Although in what follows Veblen was referring to the prevailing mindset in Europe and Britain that brought us the Great War of 1914-1918, he might well have been talking about the Beltway Bedlamites in 2017.
'Temperamentally erratic [people] such as are schooled by special class traditions or predisposed by special class interest, will readily see the merits of warlike enterprise and keep alive the tradition of national animosity. Patriot-ism, piracy, and prerogative converge to a common issue. [When someone] gifted with an extravagant congenital basis of this [type] is at the same time exposed to circumstances favorable to the development of truculent megalomania and is placed in a position of irresponsible authority and authentic prerogative as will lend countenance to his idiosyncrasies, his bent may.. gather vogue, become fashionable, and with persistence and shrewd management come so ubiquitously into habitual acceptance as to throw the population....into an enthusiastically bellicose frame of mind.'
Notwithstanding Veblen's 'syntactically tortured' observations, he was 'mos' def' onto something. Might we suggest in concluding, that it is in few other areas occupying prime real estate within the overarching U.S. body politic beyond the rarefied milieu of the U.S. national security state/military industrial complex, where the 'tradition of national animosity', 'excesses of capitalism', 'conspicuous consumption', 'truculent megalomania', 'patriotism, piracy and prerogative', [the] purported 'merits of warlike enterprise', and 'irresponsible authority', intersect and fuse so seamlessly.

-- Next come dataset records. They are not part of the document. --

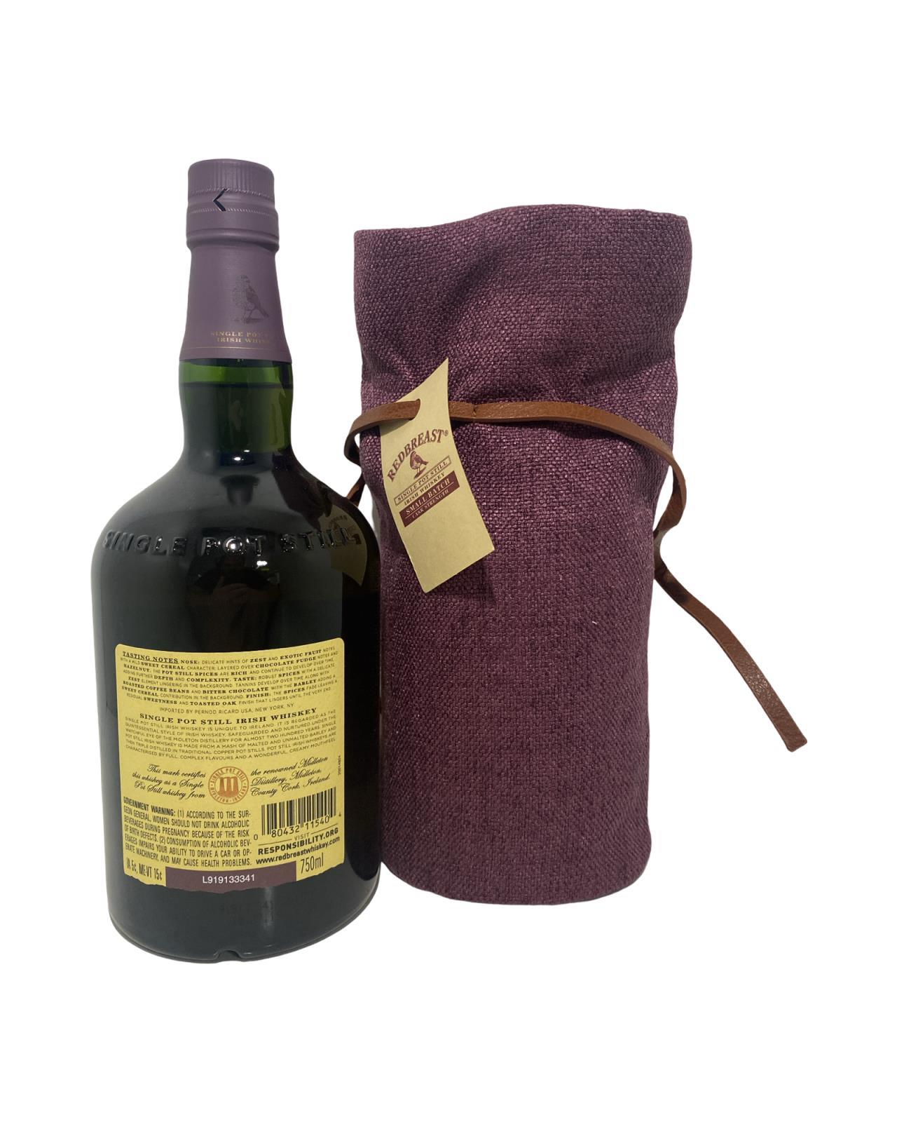 A very limited release of Redbreast. This small batch 14 Year old Single pot Still was bottled for Title Town. Redbreast was originally created in 1912 by the legendary bottlers and distillers Gilbey’s, and the early incarnations were always sourced from the old Jameson Distillery on Bow Street in Dublin. Over the years a variety of expressions were released that were bottled at either 10 years old or 12 years old. Once the Jameson Distillery became part of Irish Distillers supplies of casks to Gilbey’s dried up and the last ‘Old Redbreast’ bottlings were released in 1985. The brand was subsequently sold to Irish Distillers and was fortunately revived in 1991 using whiskey sourced from the Midleton Distillery. All the bottlings released since then have been made using Midleton whiskey and in the main these make use of high-quality Sherry casks, with a lesser amount of Bourbon casks in each vatting. Whiskey connoisseurs have fallen back in love with Redbreast whiskey and for many it is the quintessential Irish Single Pot Still whiskey.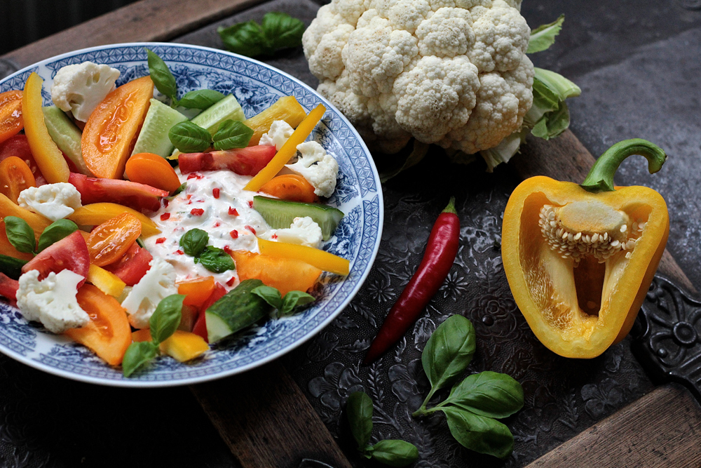 Satokauden kasvikset ja chili-jogurttidippi, herkullinen ja kevyt lisuke tai vaikka leffaillan purtava.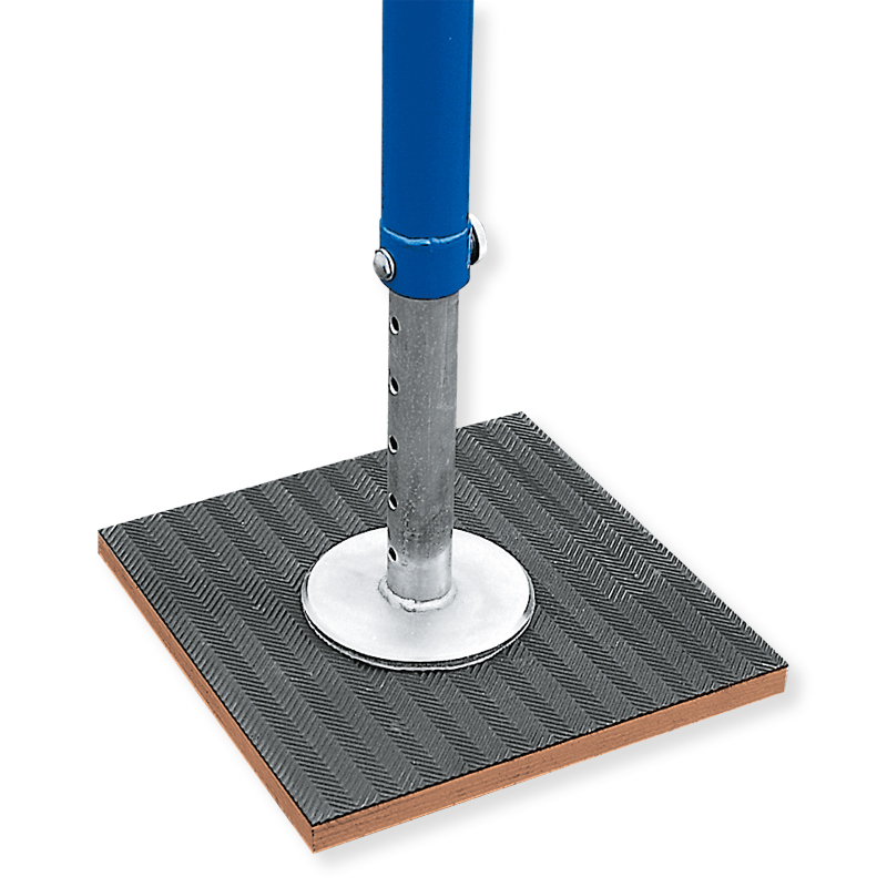 Als Zubehör erhältliche Druckverteilerplatten garantieren extrem hohe Standsicherheit auch auf punkt- und flächenelastischen Sporthallenböden. Reckstange aus massivem rostbeständigen Federstahl, die im Recksäulenkopf lagert.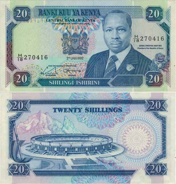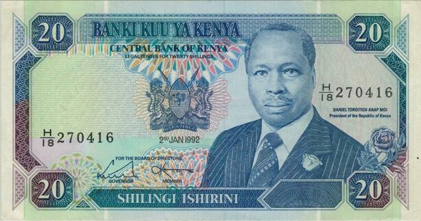 Q1101 Banknote Kenya 20 Shillings President Toroitich Arap Moi 1992 UNC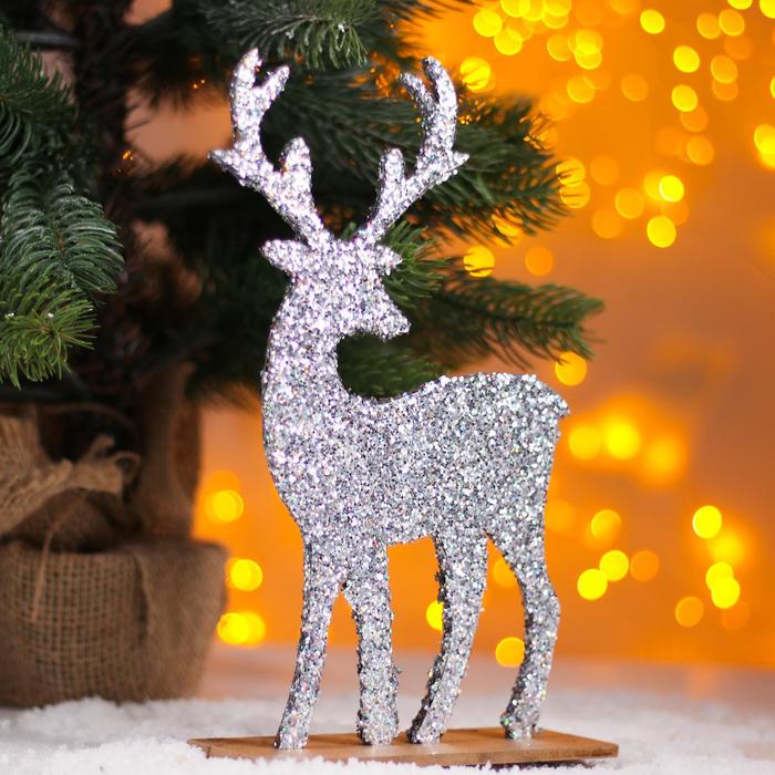 Декор новогодний «Яркий олень» серебряный, 6×14×24 см

And so ominously! Well might we lament the absence of a more optimistic, peaceful, cooperative and productive future for ourselves, our families, communities, countries, and the rest of humanity. For the Bedlamites, this is decidedly not in the brochure. Even if Trump was inclined to address and remedy this--a not entirely realistic expectation by any measure--the power elites aren't going to entertain such ambitions.
—Greg Maybury,
20 January, 2017
We might also posit that America’s compulsive need to have an enemy has incurred humanity’s greatest opportunity costs: In everything from security itself, to individual and collective freedom, economic prosperity, international relations, financial stability, political effectiveness, human rights, social harmony and equality, technical and scientific cooperation, legislative progress, and many other areas or concerns that have been and remain vital to resolving some of the biggest issues all countries–indeed, we as an evolutionary viable species–face. To say little of American–and more broadly–Western prestige.